Problem to solve
Only one stretch of the material below is wanted: everything from the line containing "белый пористый 75г." down to the line containing "Beschreibung Eine ältere", both ends included. Repeat it exactly and skip the pictures.

Data shown

- - -

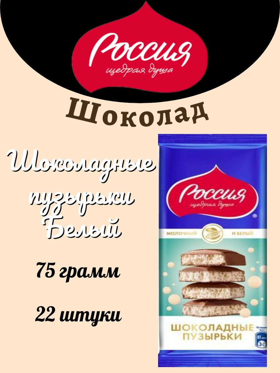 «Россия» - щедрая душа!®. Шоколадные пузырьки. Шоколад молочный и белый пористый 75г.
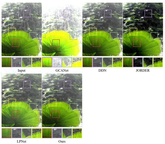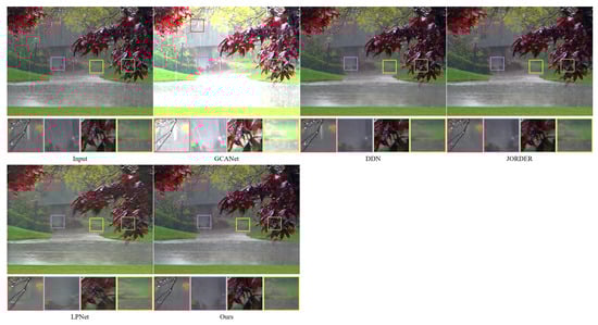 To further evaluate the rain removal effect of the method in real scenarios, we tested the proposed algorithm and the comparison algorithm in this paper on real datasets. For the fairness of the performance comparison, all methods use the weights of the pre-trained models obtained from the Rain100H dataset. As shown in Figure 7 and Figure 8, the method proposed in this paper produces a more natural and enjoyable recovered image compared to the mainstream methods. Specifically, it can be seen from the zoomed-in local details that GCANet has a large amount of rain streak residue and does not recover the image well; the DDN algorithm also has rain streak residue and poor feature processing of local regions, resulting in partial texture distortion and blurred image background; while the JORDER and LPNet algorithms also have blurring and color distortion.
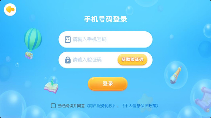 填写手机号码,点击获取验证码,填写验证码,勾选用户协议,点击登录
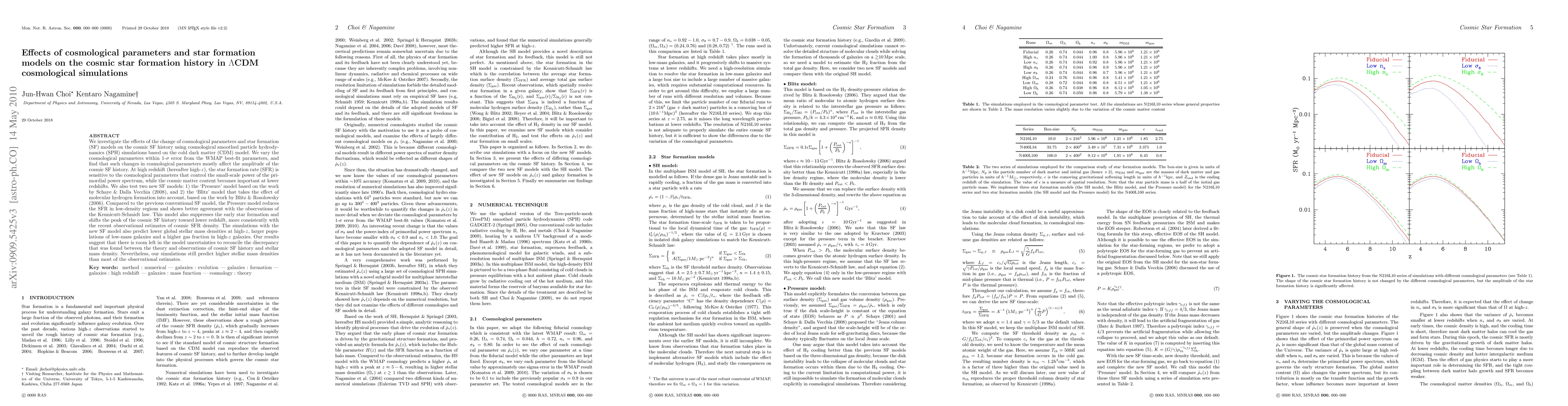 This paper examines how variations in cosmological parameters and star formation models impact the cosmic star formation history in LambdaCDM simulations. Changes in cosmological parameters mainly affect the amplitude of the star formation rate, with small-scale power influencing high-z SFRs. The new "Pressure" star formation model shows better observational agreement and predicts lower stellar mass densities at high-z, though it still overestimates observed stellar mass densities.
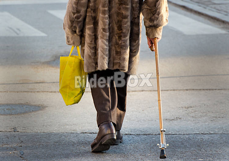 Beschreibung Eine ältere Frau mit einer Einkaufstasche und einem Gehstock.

- - -

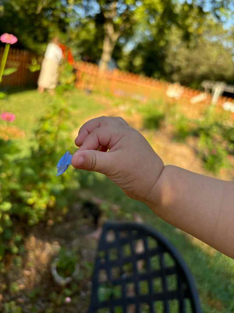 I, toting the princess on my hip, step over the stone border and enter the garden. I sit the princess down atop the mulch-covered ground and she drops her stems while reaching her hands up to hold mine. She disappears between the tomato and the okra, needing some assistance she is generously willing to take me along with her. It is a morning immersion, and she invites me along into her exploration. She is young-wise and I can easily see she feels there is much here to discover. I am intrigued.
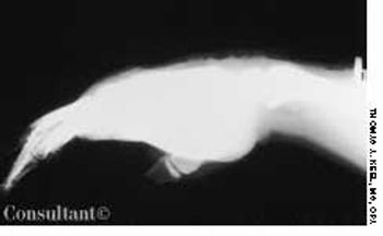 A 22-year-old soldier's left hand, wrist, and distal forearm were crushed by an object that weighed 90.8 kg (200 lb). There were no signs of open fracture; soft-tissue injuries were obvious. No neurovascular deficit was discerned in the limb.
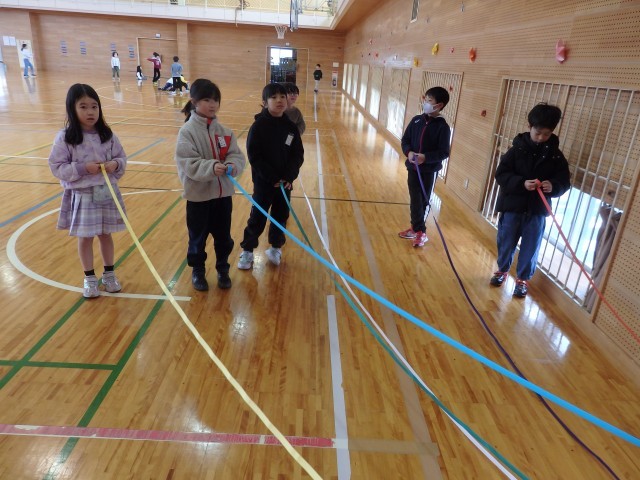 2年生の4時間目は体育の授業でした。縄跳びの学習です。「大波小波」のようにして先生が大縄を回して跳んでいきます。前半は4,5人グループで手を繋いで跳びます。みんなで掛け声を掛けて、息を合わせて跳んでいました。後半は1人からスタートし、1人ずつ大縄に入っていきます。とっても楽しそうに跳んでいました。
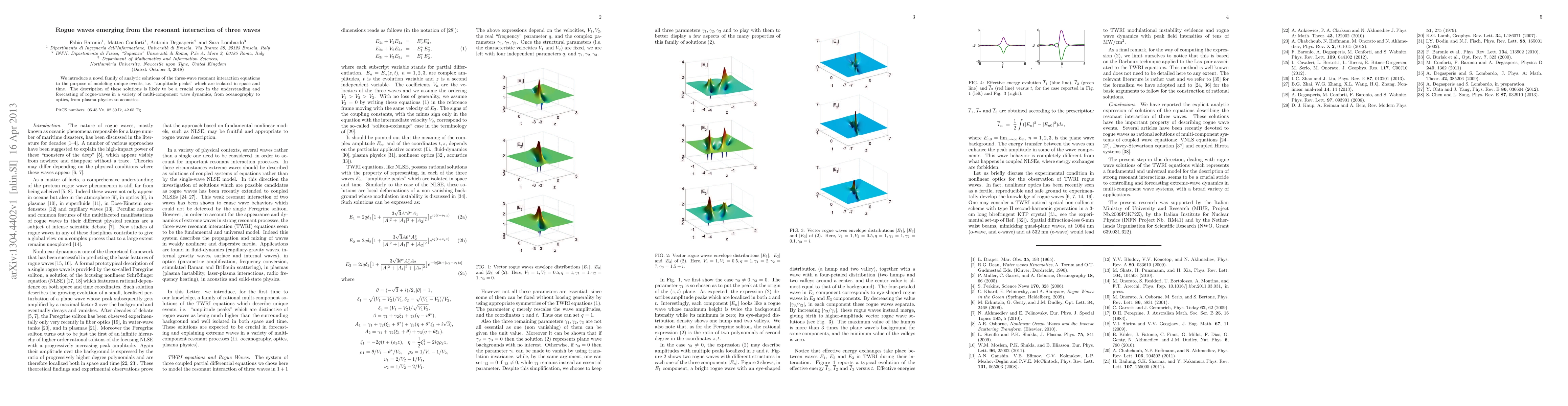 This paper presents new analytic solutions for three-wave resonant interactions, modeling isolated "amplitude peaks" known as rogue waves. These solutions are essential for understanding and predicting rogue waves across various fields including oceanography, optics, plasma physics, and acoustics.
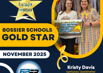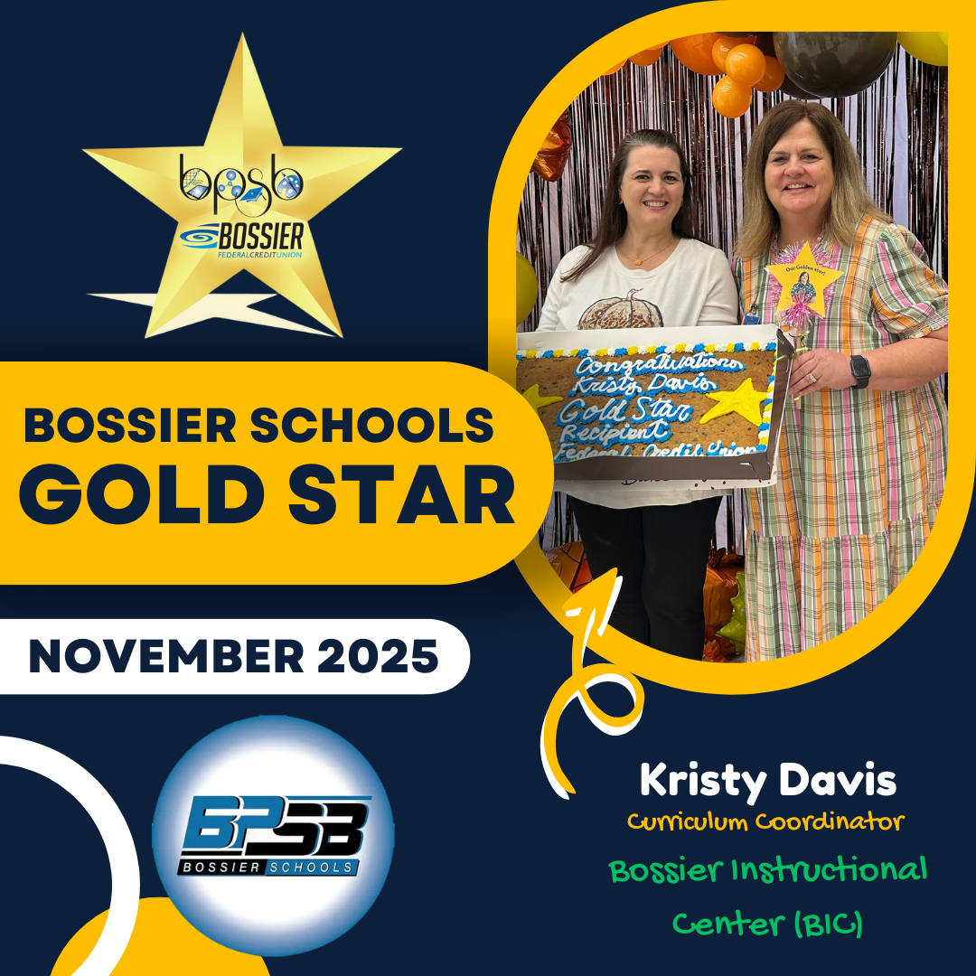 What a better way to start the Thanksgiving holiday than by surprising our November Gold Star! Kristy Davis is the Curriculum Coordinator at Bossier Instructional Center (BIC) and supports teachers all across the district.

- - -

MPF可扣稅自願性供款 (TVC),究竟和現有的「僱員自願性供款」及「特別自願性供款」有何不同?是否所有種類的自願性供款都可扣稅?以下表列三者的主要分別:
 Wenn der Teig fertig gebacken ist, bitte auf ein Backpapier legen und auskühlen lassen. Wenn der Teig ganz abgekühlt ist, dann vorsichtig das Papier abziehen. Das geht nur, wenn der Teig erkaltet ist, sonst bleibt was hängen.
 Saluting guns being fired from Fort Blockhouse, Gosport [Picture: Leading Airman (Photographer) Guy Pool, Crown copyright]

- - -

Result
 «Россия» - щедрая душа!®. Шоколадные пузырьки. Шоколад молочный и белый пористый 75г.
 To further evaluate the rain removal effect of the method in real scenarios, we tested the proposed algorithm and the comparison algorithm in this paper on real datasets. For the fairness of the performance comparison, all methods use the weights of the pre-trained models obtained from the Rain100H dataset. As shown in Figure 7 and Figure 8, the method proposed in this paper produces a more natural and enjoyable recovered image compared to the mainstream methods. Specifically, it can be seen from the zoomed-in local details that GCANet has a large amount of rain streak residue and does not recover the image well; the DDN algorithm also has rain streak residue and poor feature processing of local regions, resulting in partial texture distortion and blurred image background; while the JORDER and LPNet algorithms also have blurring and color distortion.
 填写手机号码,点击获取验证码,填写验证码,勾选用户协议,点击登录
 This paper examines how variations in cosmological parameters and star formation models impact the cosmic star formation history in LambdaCDM simulations. Changes in cosmological parameters mainly affect the amplitude of the star formation rate, with small-scale power influencing high-z SFRs. The new "Pressure" star formation model shows better observational agreement and predicts lower stellar mass densities at high-z, though it still overestimates observed stellar mass densities.
 Beschreibung Eine ältere Frau mit einer Einkaufstasche und einem Gehstock.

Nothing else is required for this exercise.